As Prison Assault Rates Climb, Union for Federal Prison Officers says Full Funding Must Be a Top Priority

WASHINGTON - The Council of Prison Locals (CPL) of the American Federation of Government Employees (AFGE) today said Attorney General Michael Mukasey must place more emphasis on fighting crime and containing criminals in the United States. The union says it feels the attorney general is wrong to ask Congress for $500 million to help fight drug trafficking abroad while ignoring the need for full funding for the nation’s federal prison facilities.

CPL represents correctional officers at federal prisons, which house some of the nation’s most dangerous convicted criminals including gang members and terrorists such as Eric Rudolph, Theodore Kaczynski (The Unabomber), and Zacarias Moussaoui.

“While we applaud the efforts of the Attorney General to combat drug trafficking as that ultimately impacts crime in the U.S., we are concerned about our own struggles here at home, specifically the critical staffing shortages at our nation’s federal prisons,” said AFGE National President John Gage. “The BOP is severely understaffed and underfunded, and directing valuable funds elsewhere will only make the problem worse. We need funding to make sure our prison facilities, correctional officers, inmates, and communities are safe.”

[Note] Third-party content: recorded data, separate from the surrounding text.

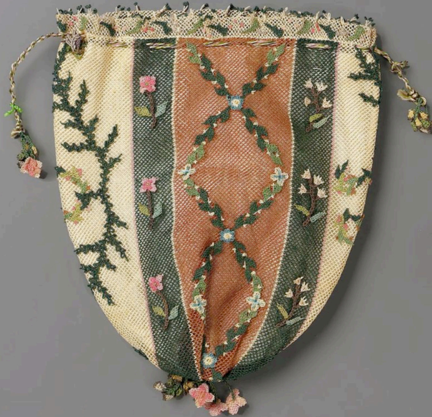
English Drawstring Silk Biblia Bag 18th Century (Museum of Fine Arts, Boston)
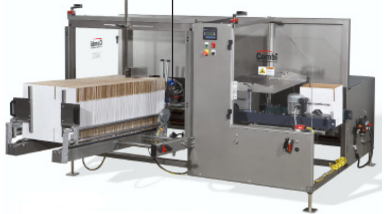
2-EZ HS CASE ERECTOR Case Erector, Bottom Sealer
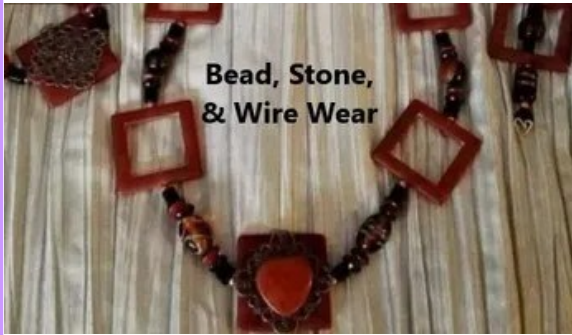
Bead, Stone, & Wire Wear

Daytona Dog Beach, Inc.'s Newsletter Sponsor
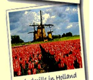
Windmills in Holland

This package is subject to our full terms and conditions which can be found on our website at https://www.friendshiptours.net/tour-policies . Paper copies are available upon request. By signing up to participate in the tour, you are agreeing to be bound to these terms and conditions. Therefore, you must read the terms and conditions in their entirety. By signing up for the tour, making a payment and continuing to use our services, you are agreeing to be bound by the Terms and Conditions. Should you disagree with any of the terms you must speak with us before signing up for a tour. Cruise lines reserve the right to alter itineraries including change or cancellation of ports. These changes will not be considered a material change and will not be considered cause for cancellation or refund by the guest.
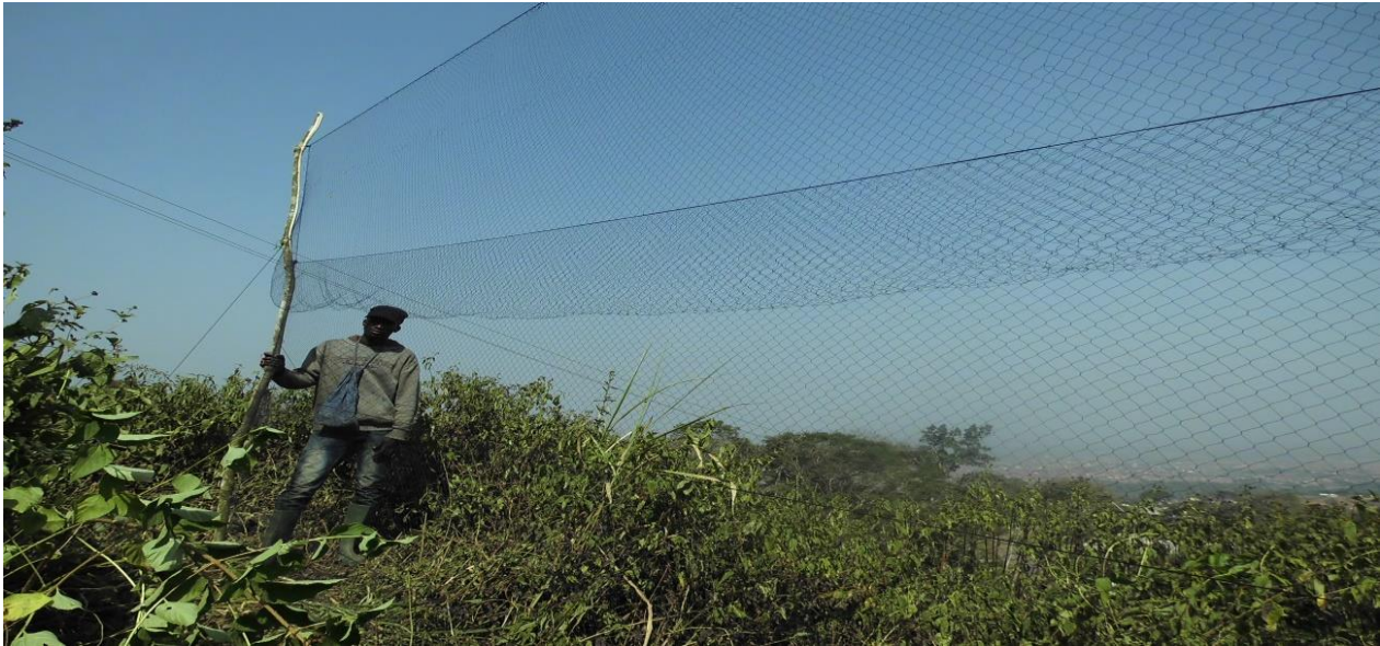
Fig. (1). Basic set-up of a mist net placed on a side of the Abobo-Etetak hill.

We began our capture very early in the morning (5: 00 AM) and we finished very late in the evening (sometimes 6: 30 PM). We used the same eight mist nets in our different field study and we did nine field studies during eight months.
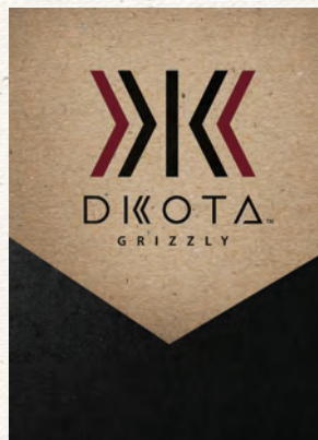
D9051 RACK SIGN 10.5" x 14" Double Sided
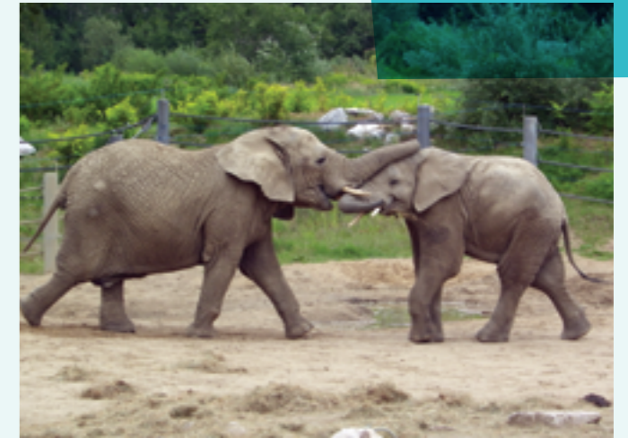
Elephants in New Zoo

Poznań's New ZOO is a paradise for animals and animal lovers. Spacious enclosures for almost 400 species covering the area of 121 hectares make this ZOO a unique place. In recent years it became a comfortable refuge for animals which were illegally kidnaped from their original environment or kept in awful conditions. Expect to see a modern elephant-house (one of the biggest in Europe), a tiger-en-

Continued lack of funding and inadequate staffing throughout the BOP has left federal correctional officers and the surrounding communities in grave danger. Staffing levels are decreasing while inmate population levels are increasing.

“We can no longer turn a blind eye to the critical situation inside our nation’s federal prisons,” said CPL President Bryan Lowry. “We need more staff to get the job done; it’s as simple as that. A decrease in staffing levels makes our prisons and communities less safe.”

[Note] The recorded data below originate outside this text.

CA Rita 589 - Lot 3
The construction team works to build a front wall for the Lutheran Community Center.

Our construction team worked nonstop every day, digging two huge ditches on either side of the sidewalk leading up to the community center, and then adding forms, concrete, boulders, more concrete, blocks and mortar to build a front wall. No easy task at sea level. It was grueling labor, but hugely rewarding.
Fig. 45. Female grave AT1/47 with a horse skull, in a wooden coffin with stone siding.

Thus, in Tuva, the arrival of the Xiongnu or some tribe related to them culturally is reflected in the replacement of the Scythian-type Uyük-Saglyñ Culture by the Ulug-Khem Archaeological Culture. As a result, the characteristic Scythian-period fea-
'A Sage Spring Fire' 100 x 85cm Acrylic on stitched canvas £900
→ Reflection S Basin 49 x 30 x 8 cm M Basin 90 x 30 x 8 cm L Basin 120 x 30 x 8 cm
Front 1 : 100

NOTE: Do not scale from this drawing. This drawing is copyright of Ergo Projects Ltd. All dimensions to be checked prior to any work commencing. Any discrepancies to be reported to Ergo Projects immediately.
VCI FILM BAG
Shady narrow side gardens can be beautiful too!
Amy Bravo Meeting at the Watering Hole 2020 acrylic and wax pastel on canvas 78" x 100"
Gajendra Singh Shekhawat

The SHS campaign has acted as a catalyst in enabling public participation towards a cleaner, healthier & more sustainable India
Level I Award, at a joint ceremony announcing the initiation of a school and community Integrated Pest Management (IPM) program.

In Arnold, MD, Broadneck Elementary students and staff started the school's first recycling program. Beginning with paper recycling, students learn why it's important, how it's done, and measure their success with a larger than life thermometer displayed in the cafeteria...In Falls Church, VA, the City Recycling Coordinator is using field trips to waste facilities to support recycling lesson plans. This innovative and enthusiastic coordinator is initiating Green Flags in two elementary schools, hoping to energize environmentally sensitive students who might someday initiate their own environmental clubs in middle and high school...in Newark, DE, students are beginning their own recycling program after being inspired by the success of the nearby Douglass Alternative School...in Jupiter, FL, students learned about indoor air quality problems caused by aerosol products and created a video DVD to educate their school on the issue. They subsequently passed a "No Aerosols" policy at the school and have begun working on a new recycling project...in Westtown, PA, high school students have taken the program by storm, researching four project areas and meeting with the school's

Because of the severe staffing and funding shortages throughout the BOP, AFGE and CPL have highlighted the need for the Federal Prison Industries program (also known as UNICOR), which is a federal work program used to keep inmates occupied and productive throughout the day. Some legislators are trying to eliminate the program, a move which “could put federal correctional officers at even greater risk of an attack at the hands of an inmate,” said Lowry.

The union says serious inmate overcrowding and correctional worker understaffing such as that at the Florence, Colo. federal prison campus, which includes the ADX Supermax, plague the BOP system nationwide, and create hazardous conditions for federal prison inmates, federal correctional workers, and the communities in which they work.